## EXERCISE INSTRUCTIONS:
Please copy the listing that follows exactly, leaving out any pictures.

## MATERIALS PROVIDED:
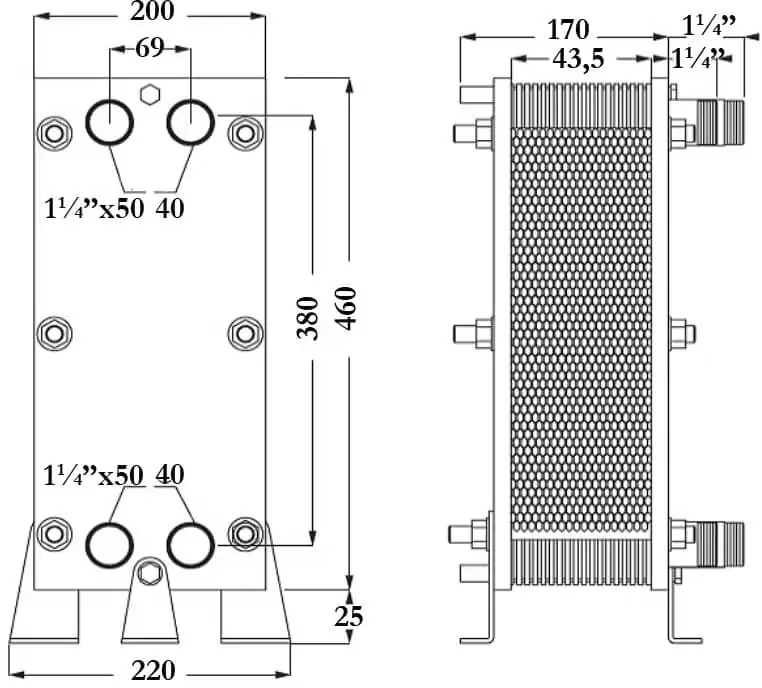 Монтується виключно вертикально. Для правильної роботи вода повинна текти знизу вгору. Приєднання має бути при протилежному напрямку потоку первинного та вторинного контурів.
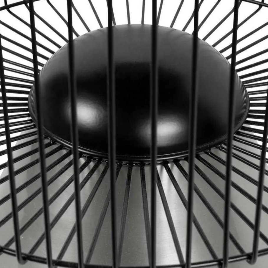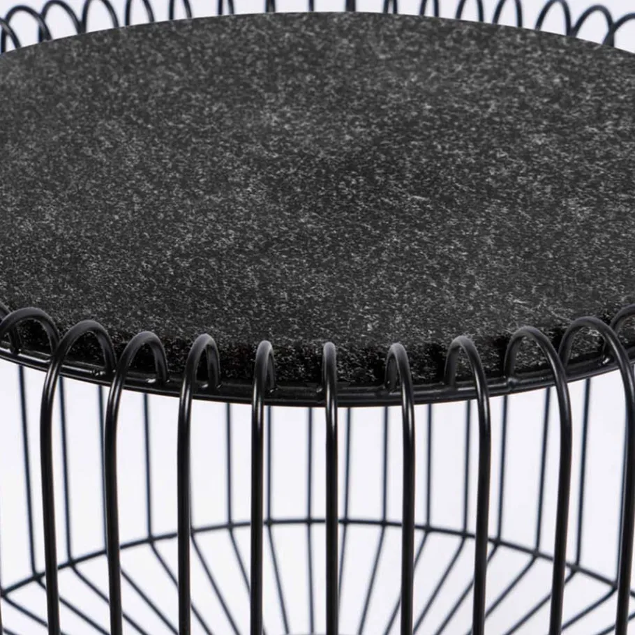 Gefertigt aus einer spannenden Materialmischung, vereint der Beistelltisch edlen Marmor mit stabilem Metall. Die runde Tischplatte besteht aus schwarzem Marmor – einem Naturstein, der mit seiner individuellen Maserung jedes Möbelstück zum Unikat macht. Mit einem Durchmesser von ca. 40 cm und einer Stärke von rund 1,5 cm wirkt die Platte gleichermaßen robust wie edel. Das Untergestell zeigt sich als auffälliger Drahtkorpus in Schwarz, getragen von einem soliden Sockel in Silber. Beide Elemente sind hochwertig lackiert und unterstreichen das avantgardistische Design.
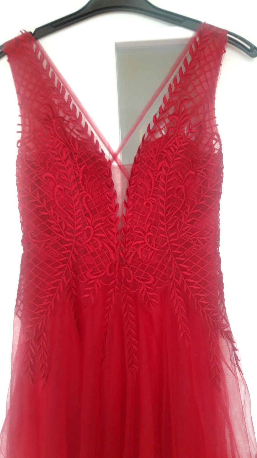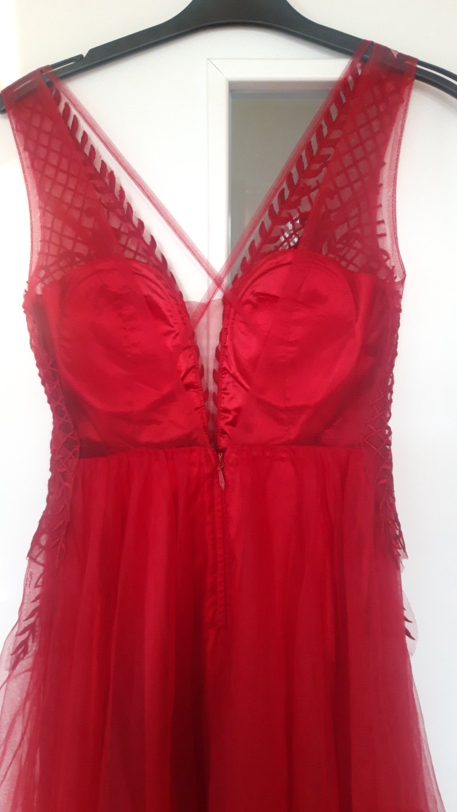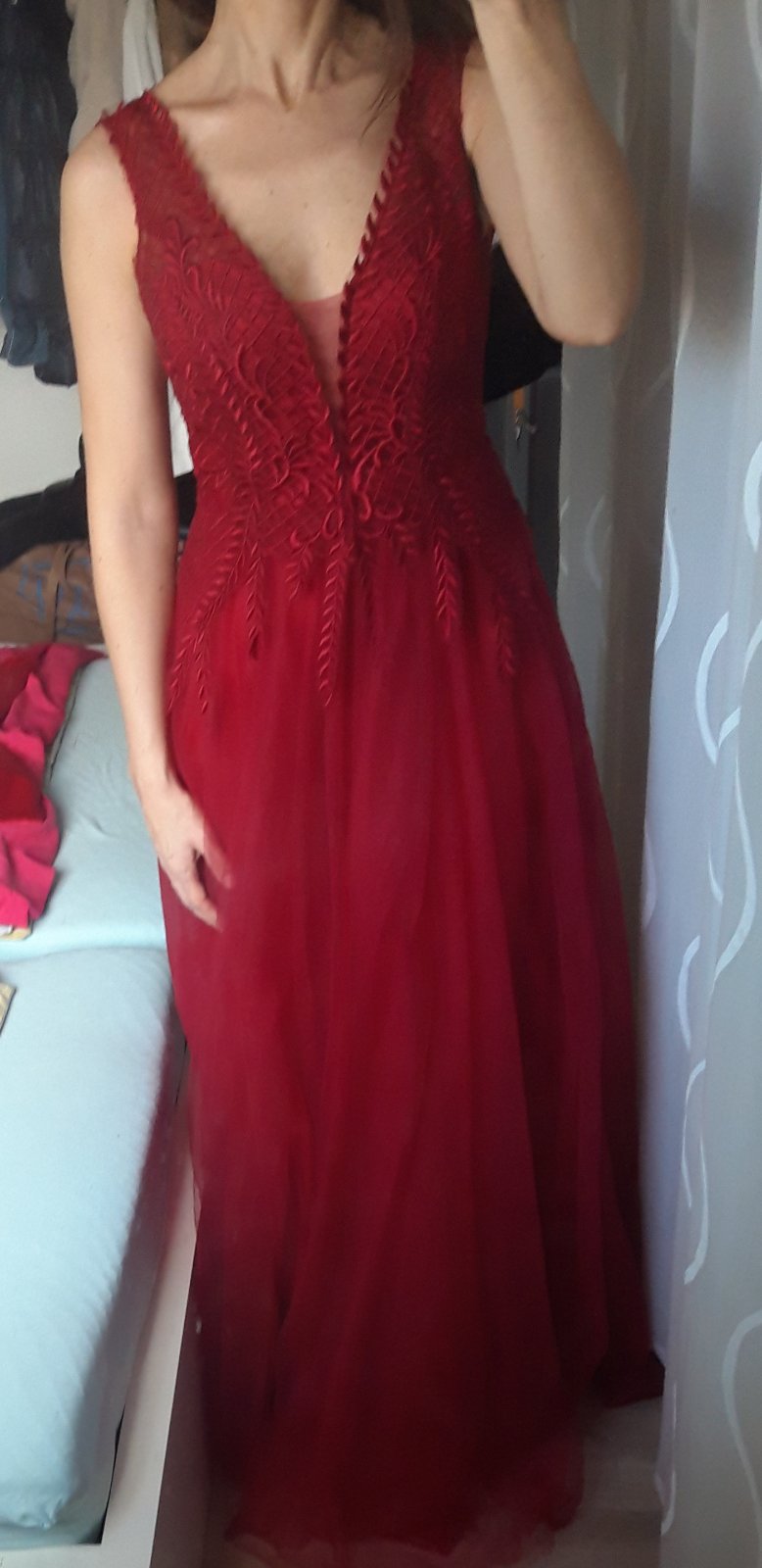 Krásne v predu vystuzené, nieje treba podprsenku. Dĺžka od ramena 156 cm v páse 34 cm, farba je krásna krvavo červená. Reálna farba ako na úplne prvej foto veľmi ťažko sa to dá odfotiť.
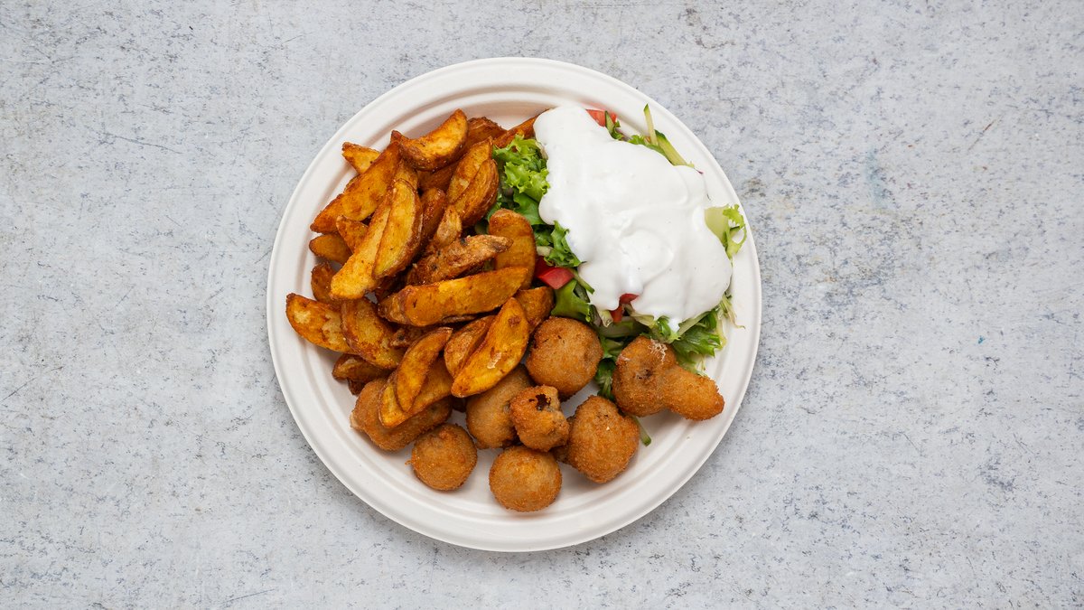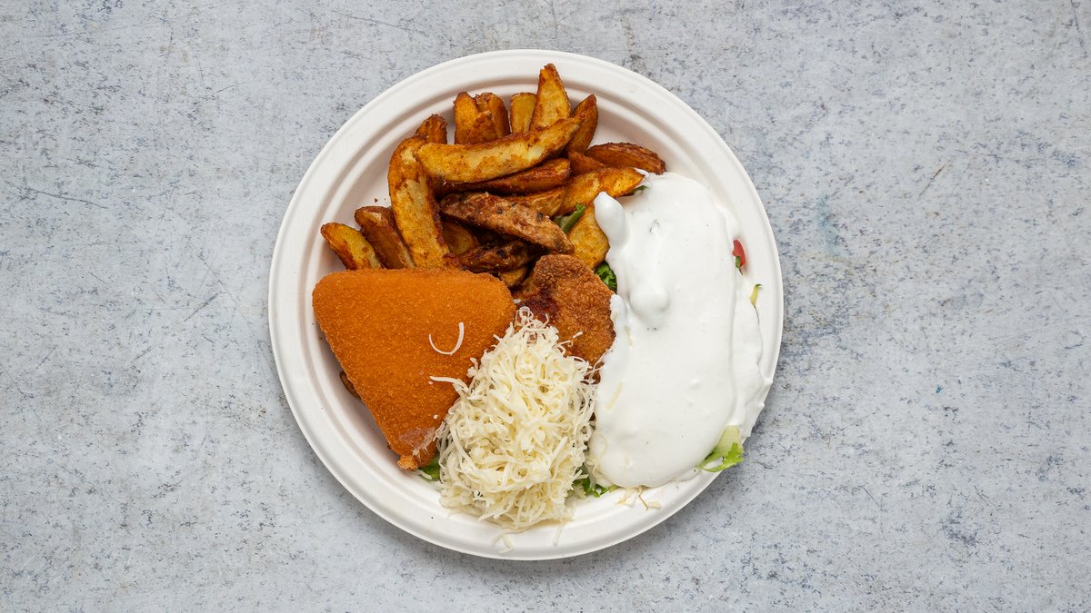 Buci, gyros hús, saláta, paradicsom, uborka, lilahagyma, öntet
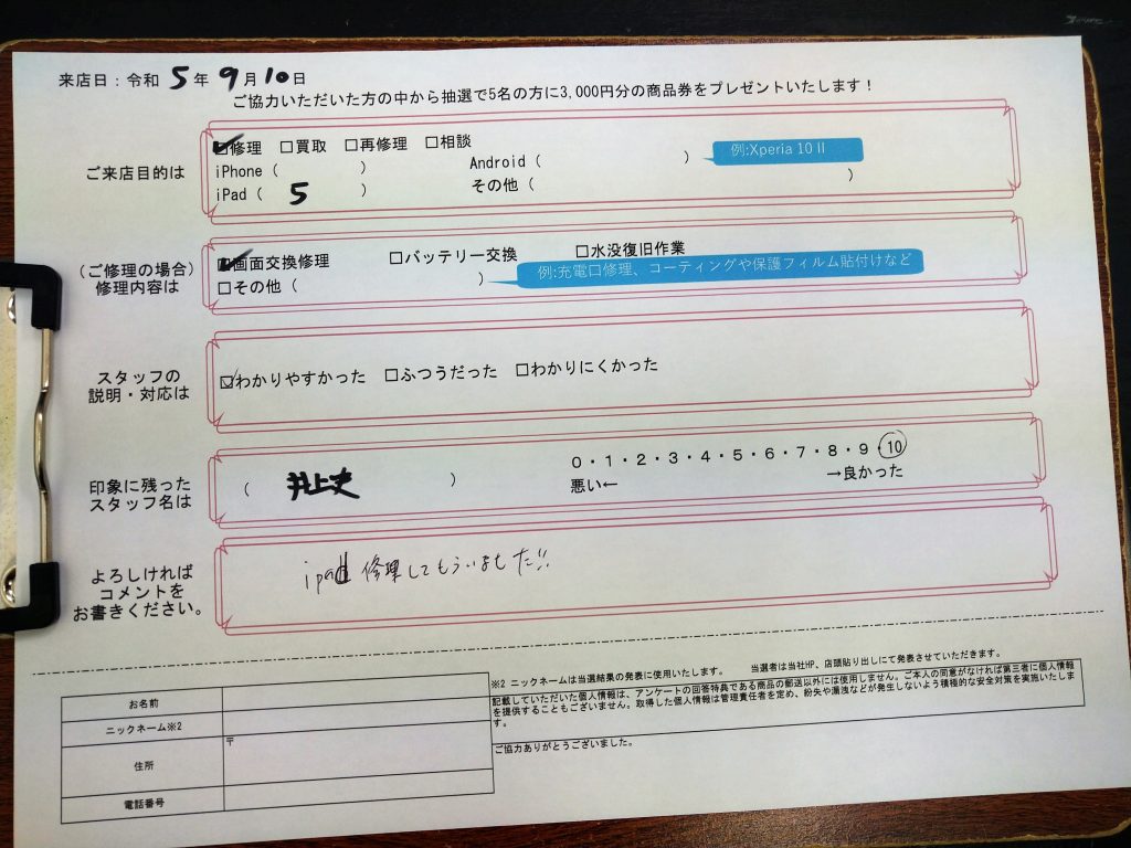 iPad修理してもらいました!! (コメントより抜粋)
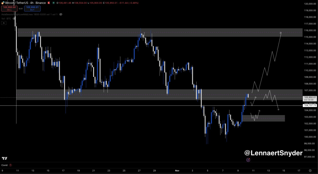 近期价格走势显示市场结构可能发生转变。107,200美元被视为关键阻力位,因其标志着前期导致价格下跌的区间低点。若成功收复该价位,或将测试历史压力位115,000美元区间高点。
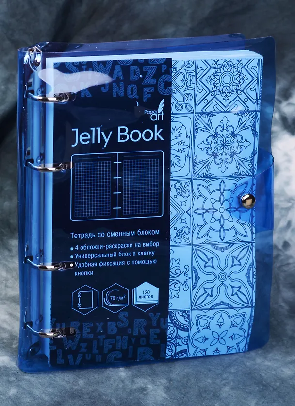 Тетрадь на кольцах в клетку Paper Art, Jelly Book, 120 листов, в ассортименте

## TASK RESULT:
 Монтується виключно вертикально. Для правильної роботи вода повинна текти знизу вгору. Приєднання має бути при протилежному напрямку потоку первинного та вторинного контурів.
 Gefertigt aus einer spannenden Materialmischung, vereint der Beistelltisch edlen Marmor mit stabilem Metall. Die runde Tischplatte besteht aus schwarzem Marmor – einem Naturstein, der mit seiner individuellen Maserung jedes Möbelstück zum Unikat macht. Mit einem Durchmesser von ca. 40 cm und einer Stärke von rund 1,5 cm wirkt die Platte gleichermaßen robust wie edel. Das Untergestell zeigt sich als auffälliger Drahtkorpus in Schwarz, getragen von einem soliden Sockel in Silber. Beide Elemente sind hochwertig lackiert und unterstreichen das avantgardistische Design.
 Krásne v predu vystuzené, nieje treba podprsenku. Dĺžka od ramena 156 cm v páse 34 cm, farba je krásna krvavo červená. Reálna farba ako na úplne prvej foto veľmi ťažko sa to dá odfotiť.
 Buci, gyros hús, saláta, paradicsom, uborka, lilahagyma, öntet
 iPad修理してもらいました!! (コメントより抜粋)
 近期价格走势显示市场结构可能发生转变。107,200美元被视为关键阻力位,因其标志着前期导致价格下跌的区间低点。若成功收复该价位,或将测试历史压力位115,000美元区间高点。
 Тетрадь на кольцах в клетку Paper Art, Jelly Book, 120 листов, в ассортименте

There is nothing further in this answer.